[[ Provided data, beginning ]]

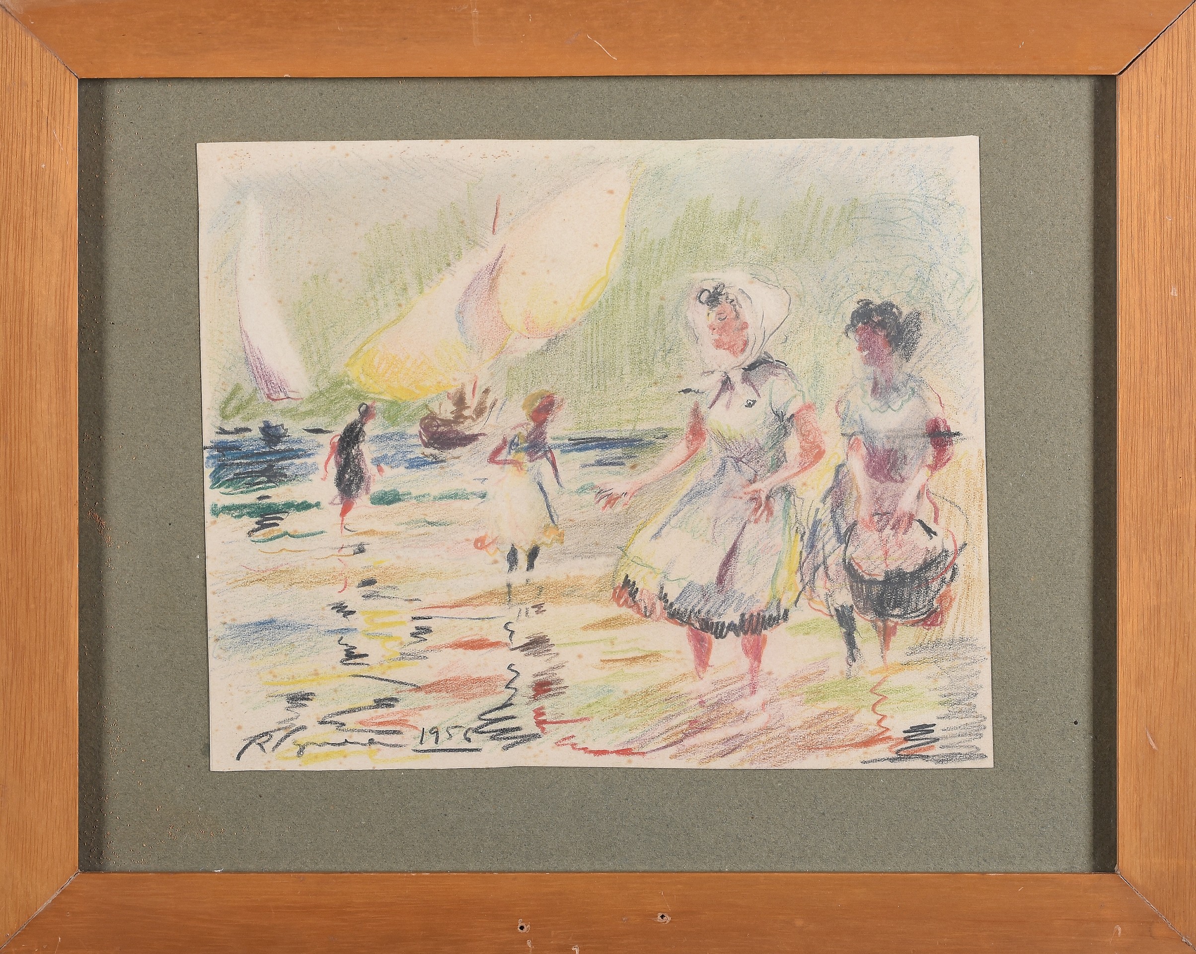 RAFAEL FIGUERA AYMERICH(Bilbao, 1907 - Málaga, 1987)"En la orilla"Lápices de colores sobre papel.17 x 22 cm
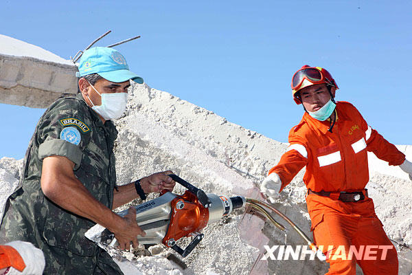 1月14日,在海地首都太子港,一名巴西駐海地維和工程兵(左)向一名中國國際救援隊員傳遞救援工具。
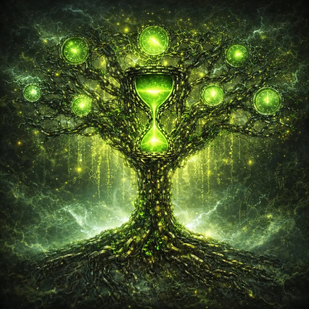 A surreal tree forged entirely from interlocking chains rises from the ground, its roots spreading outward like metallic veins gripping the earth. The trunk twists upward into branching limbs made of dark steel links, yet everything is illuminated by a vibrant green glow that pulses through the structure like living energy. At the center of the tree hangs a radiant green hourglass, its luminous “sand” flowing steadily downward, symbolizing time infused with life.

[[ Provided data, end ]]

▶ [Assignment]: None of the pictures should be carried over when the data above is transcribed exactly.

▶ [Output for this task]:
 RAFAEL FIGUERA AYMERICH(Bilbao, 1907 - Málaga, 1987)"En la orilla"Lápices de colores sobre papel.17 x 22 cm
 1月14日,在海地首都太子港,一名巴西駐海地維和工程兵(左)向一名中國國際救援隊員傳遞救援工具。
 A surreal tree forged entirely from interlocking chains rises from the ground, its roots spreading outward like metallic veins gripping the earth. The trunk twists upward into branching limbs made of dark steel links, yet everything is illuminated by a vibrant green glow that pulses through the structure like living energy. At the center of the tree hangs a radiant green hourglass, its luminous “sand” flowing steadily downward, symbolizing time infused with life.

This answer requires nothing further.